Are you tempted in the current publishing climate to skimp on editing? Are you attacking your story during the editing phase or are you being too gentle on your work? 

The Most Important Kind of Edit a Book Needs


By Jody Hedlund, @JodyHedlund

Over the past several years of having multiple books in the traditional publication pipeline, I've now experienced LOTS of editing.

After all that editing, I've come to realize THE single most important edit is the CONTENT edit (also known in the publishing business as macro edits, rewrites, or substantive edits).

Having an overall critique of the story is critical to the success of a book. No I'm not diminishing the importance of line-edits that focus on smaller issues like transitions, dialogue, cliches, etc. Neither am I turning my nose up at the need for a thorough copy edit that can catch grammar and spelling mistakes. It's not acceptable for any writer to publish material that's riddled with errors.

What I've learned, however, is that readers can forgive a few smaller mistakes. In fact most average (non-writing) readers don't even notice we when get a little clunky with our narrative or dialogue.
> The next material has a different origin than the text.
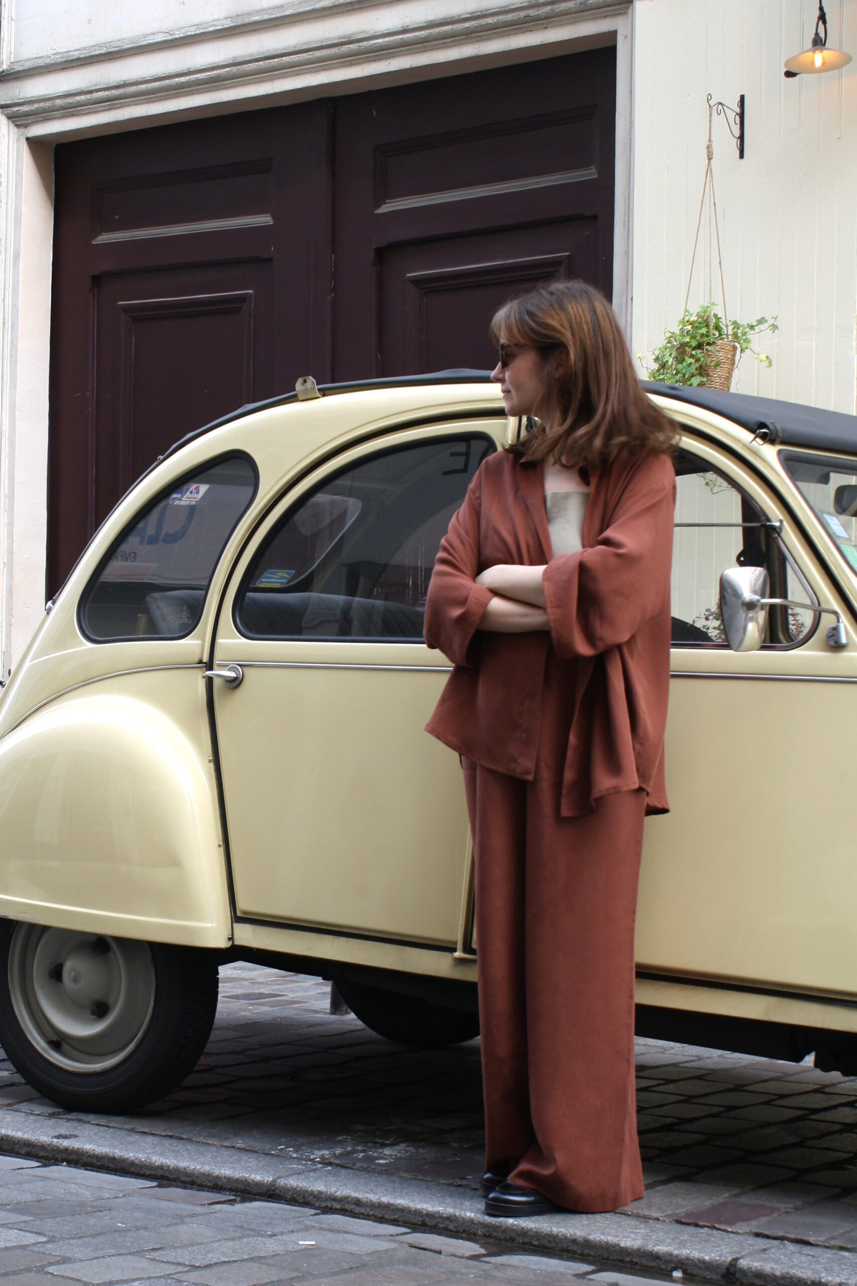 For an effortlessly elegant and still super comfortable look, pair them with our Oversized Tencel Blouse Maroon.

Or when we use adverbs or passive tense or over-describe some things.

The fact is, when readers get swept up into an exciting STORY, they might overlook the minor things we do wrong. That's probably why Stephanie Meyer's Twilight series did so well (besides the fact that she was on the cusp of a new genre). I wasn't super impressed with the writing style or descriptions when I read the first book in the series. But the STORY was fascinating and compelling and kept my interest.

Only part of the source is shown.